Ahh, the 1970s. What a decade. The fall of Heath and Callaghan. The rise of Thatcher. The Winter of Discontent. Saltley Coke Works. Grunwick. British Leyland. Hot pants, flares, glam rock, Reg Prentice…
No doubt all of these are familiar, especially Reg Prentice. Of course, there may be some millennials whose education failed to include poor Reg. You could look him up in Wikipedia. Or just keep reading.
Reg Prentice was MP for Newham North East. Newham was that bit of London that commuters from Essex passed through to get to their jobs in the City. Some of their trains never stopped there. It was not quite the ‘inner city’, being east of Tower Hamlets. But enough geography.
The constituency was a rock-solid Labour seat, one of those places where Labour votes were weighed instead of counted. Prentice was Education Secretary in Harold Wilson’s minority government. A Labour MP in a safe seat, he had a job for life.
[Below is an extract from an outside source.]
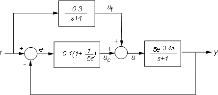 F = 0.3/(s+4); P.InputName = 'u'; P.OutputName = 'y'; C.InputName = 'e'; C.OutputName = 'uc'; F.InputName = 'r'; F.OutputName = 'uf'; Sum1 = sumblk('e','r','y','+-'); % e = r-y Sum2 = sumblk('u','uf','uc','++'); % u = uf+uc Tff = connect(P,C,F,Sum1,Sum2,'r','y');

Unfortunately for him, his Constituency Labour Party disagreed. They seemed to believe that instead of representing his constituents, he should be a delegate for the activists of the party and represent their views. This was a time when the ‘soft’ Left in London was being overthrown by extremists, a process that reached its zenith with the internal party coup that toppled the victor of the 1981 GLC election and replaced him with Ken Livingstone.
Prentice had a deselection battle with the extremists in his local party. He lost. Rather than go quietly muttering into the dark, Prentice did something quite novel in post-war politics.
Forty years ago, Prentice crossed the floor and joined the Conservatives.
He was selected for a safe Conservative seat for the 1979 election, where he increased the majority by over 10,000 votes. He went on to serve as a Conservative minister in Margaret Thatcher’s first government until ill-health forced him to return to the back benches. All this shows is that you can’t keep a good man down. Serving in one government, enduring deselection, crossing the floor, obtaining a safe seat, and then serving in the succeeding government surely demonstrates political ability and talent of the highest calibre.
Reg Prentice retired from the Commons in 1987, when he was knighted. In 1992 he received a life peerage. Not bad, not bad at all.
Why is this important now? Well, Prentice’s troubles started in 1975 when he was deselected by his local Labour Party. Six years later the national party split with the formation of the SDP as left-wing infiltration continued unabated. There is now renewed talk of deselections of Labour moderates by left-wing activists.
Labour MPs on the hit-list could look to Reg Prentice’s example and cross the floor. What’s the worst that could happen? Mrs May has made a cross-party appeal for contributions to the Brexit process. If Labour MPs are already feeling rejected by their local activists, they will have little to lose. The SDP, after an initial burst of interest, did not achieve its promise in the 1983 general election to ‘break the mould of British politics’, so a breakaway party is increasingly unlikely, especially with a return to two-party politics. Crossing the floor to get away from the attacks from their own side makes sense.
If any anti-Corbyn Labour MPs are tired of enduring the increasingly unfriendly environment from their side of British politics, and especially from with their own CLPs, they really have nothing to lose by crossing the floor, since they will be out of a job by 2022 anyway. After crossing, the attacks won’t go away, but at least the person would be among new and supportive friends. Mrs May is advocating a form of social democracy well to the left of the Conservative government in which Reg Prentice served as a minister. Being a new Tory MP might be a good fit, once all the socialist opprobrium and hyperbole that routinely falls unchallenged on the Tories is stripped away.
For a Labour MP, crossing the floor to join the Conservatives may now appear an outrageous concept. But at the beginning of 2015 so was the idea of Jeremy Corbyn leading the Labour Party. Reg Prentice’s career shows what can be done. Does any current Labour MP have the talent and ability to follow him?